WHAT TO PRODUCE => Starting with the line that holds "- black - silk", repeat each line through the last one below, exactly. Pictures stay out.

PROVIDED DATA =>

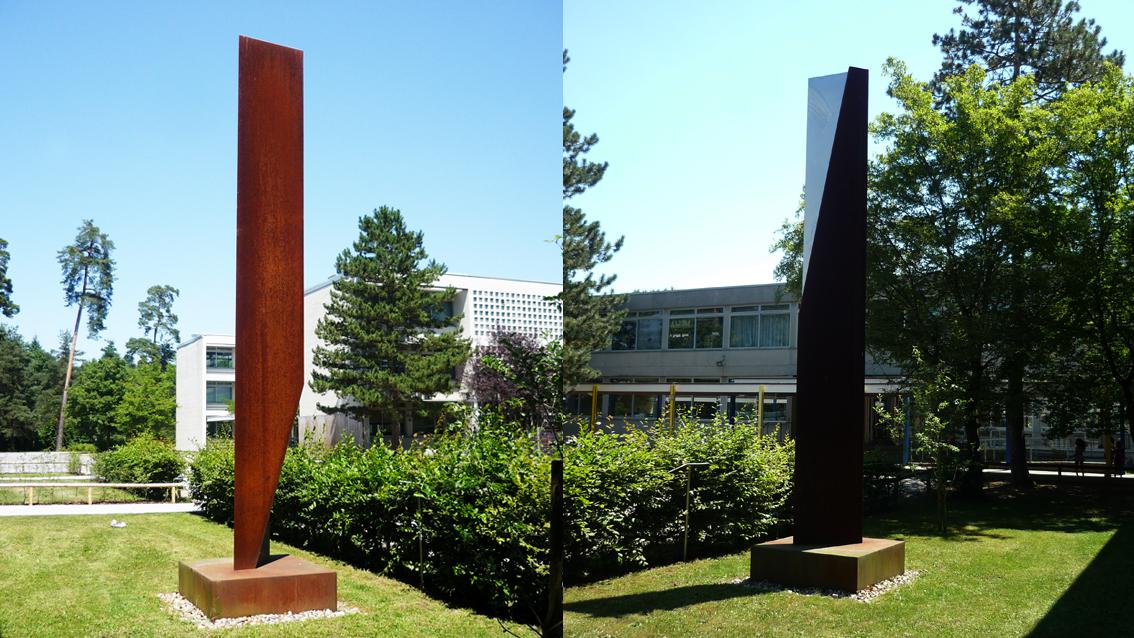 Die Plastik der Karlsruher Künstlerin thematisiert in einer einfachen und elementaren Formensprache, die in der Tradition des Minimalismus steht, Prozesse des Aufbrechens: Die planen Flächen entfalten bzw. verjüngen sich in vertikaler Ausrichtung und bilden so ein zeichenhaftes Kunstwerk. Die Stahl- und Edelstahlflächen stehen für verschiedene Erscheinungsformen verwandten Materials und reagieren unterschiedlich auf Bewitterung sowie den Wechsel des Tageslichts.
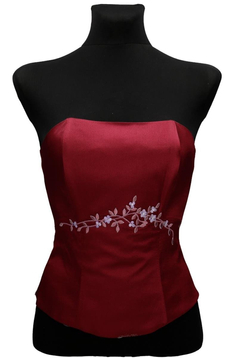 Gorset z fiszbinami wiązany z tyłu, Gorsetem podkreślisz piękne ramiona i uwydatnisz biust, wiązaniem z tyłu dobrze go dopasujesz. Materiał - połyskująca tafta z kwiatowym haftem.  Dopasowana góra, podkreślona talia  to klasa i styl. Gorset uzupełni twoją garderobę, można nosić go zarówno do spodni jak i spódnic.
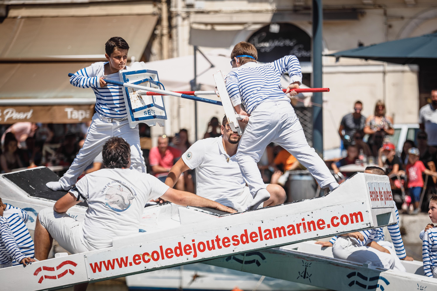 In the city of Sète, in the Hérault department, nautical jousting holds an essential place at the heart of the local traditions. This traditional sport, formalized in 1666 following the creation of the port, participates in the renown of Sète. Perched on tintaines (platforms attached above the water) on their respective boats, two jousters compete in an attempt to push their opponent overboard with a spear. The tintaines are equipped with toe clips to resist the impact of the opposing spear. For 45 years, the jousting school of the Marine of Sète has been responsible for training young local amateurs through initiations in traditional Languedoc jousting.
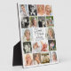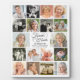 Crea una exposición de fotos de homenaje a la memoria conmemorativa con esta plantilla de collage de fotos 8x10 con 18 fotos con un elegante título de tipografía de escritura FOREVER EN NUESTROS CORAZONES acentuado con corazones dibujados a mano y personalizado con nombre y fechas. AYUDA: Para obtener ayuda con la modificación/personalización del diseño o la transferencia del diseño a otro producto, póngase en contacto con el diseñador ANTES DE PEDERLO a través de Zazzle Chat o makeitaboutyoustore@gmail.com.
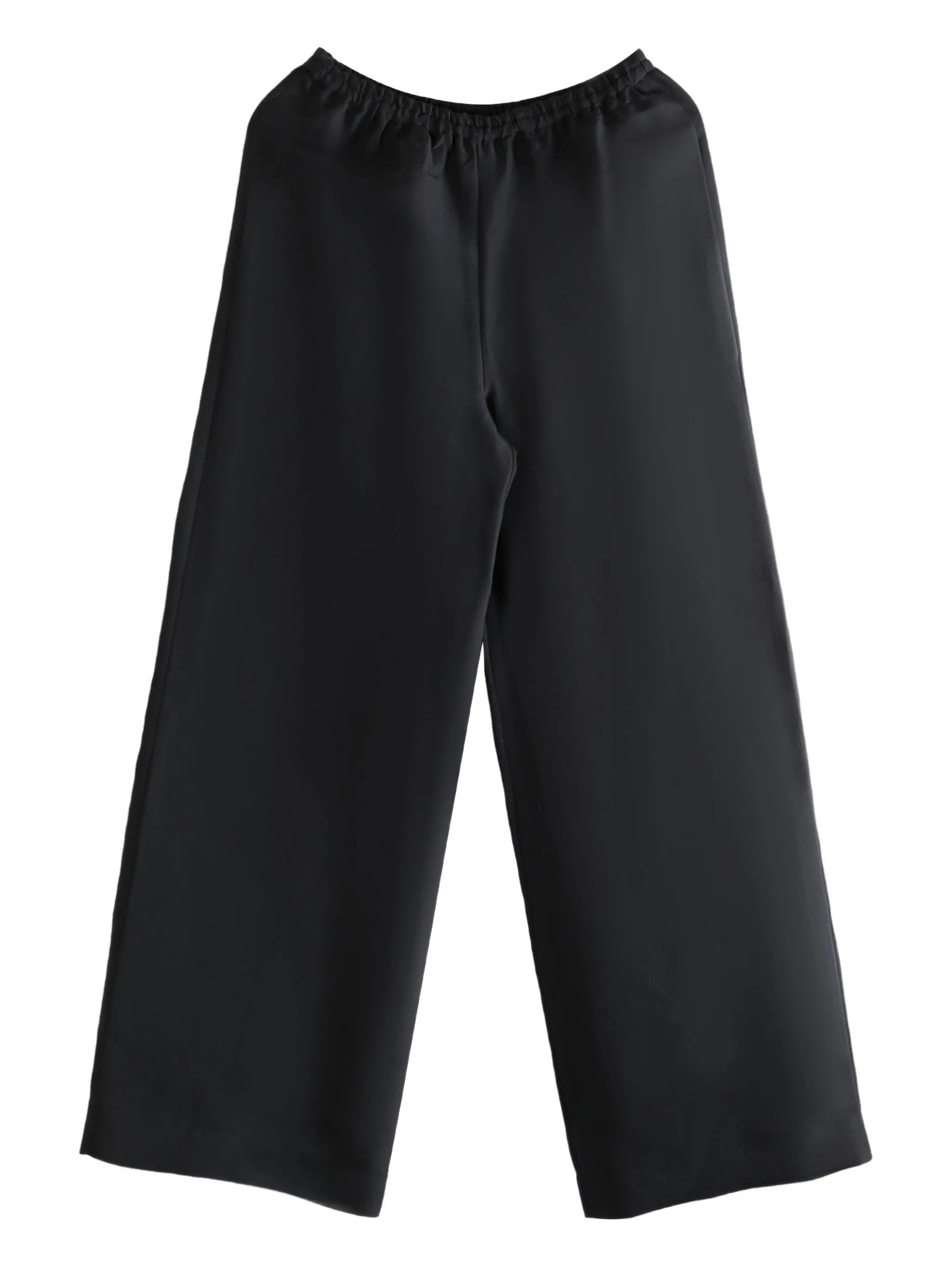 - black - silk fabric - elastic waistband - wide leg - straight hem - pull-on style Materials & Product Care Silk 100%
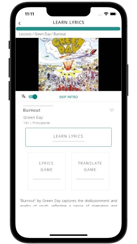 In addition to reading lyric translations, you can now learn English with music and lyrics from your favorite artists.
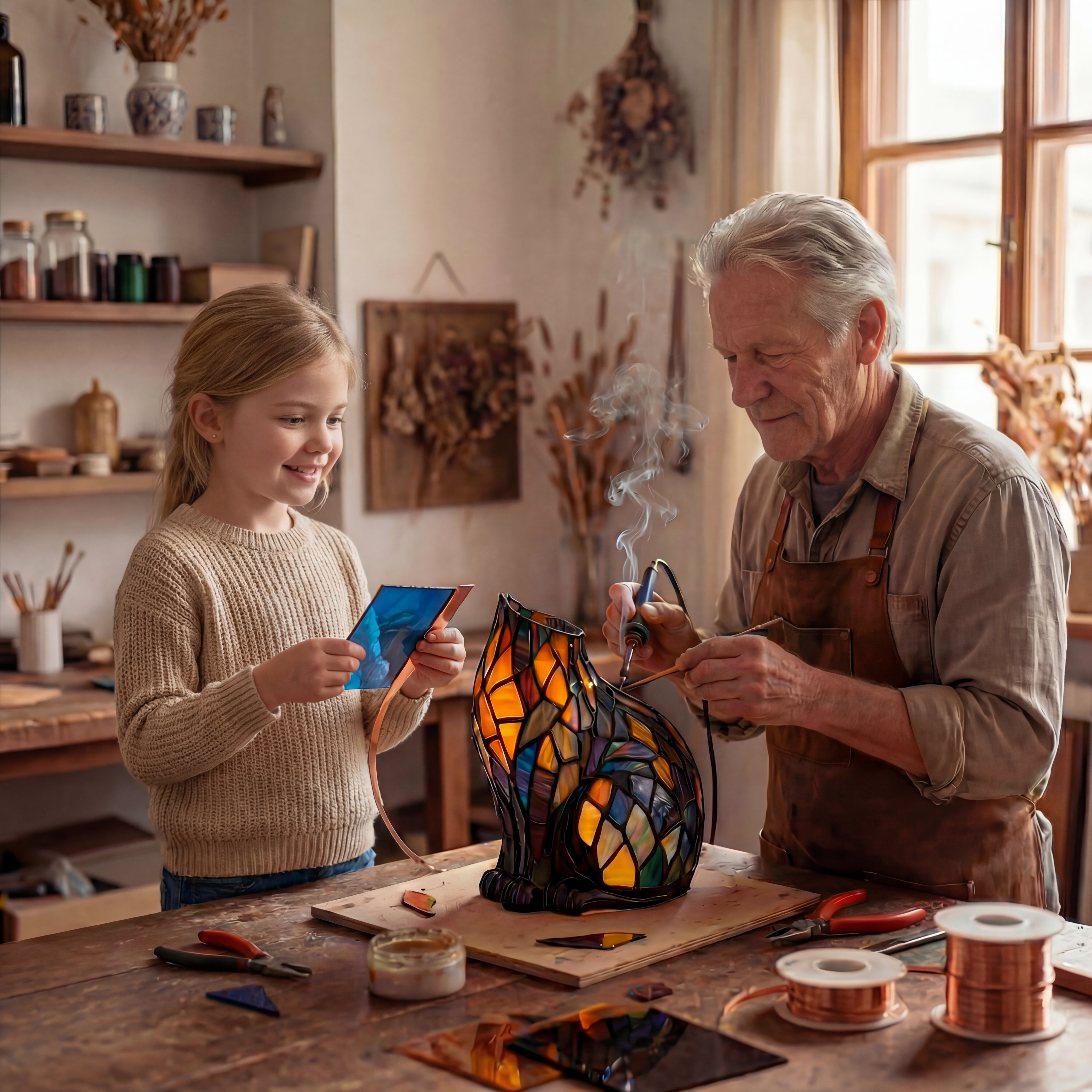 Crafted from fine stained glass and shaped by hand, our lamps bring the character and glow of timeless artistry into your home, no gallery ticket required.

OUTPUT =>
 - black - silk fabric - elastic waistband - wide leg - straight hem - pull-on style Materials & Product Care Silk 100%
 In addition to reading lyric translations, you can now learn English with music and lyrics from your favorite artists.
 Crafted from fine stained glass and shaped by hand, our lamps bring the character and glow of timeless artistry into your home, no gallery ticket required.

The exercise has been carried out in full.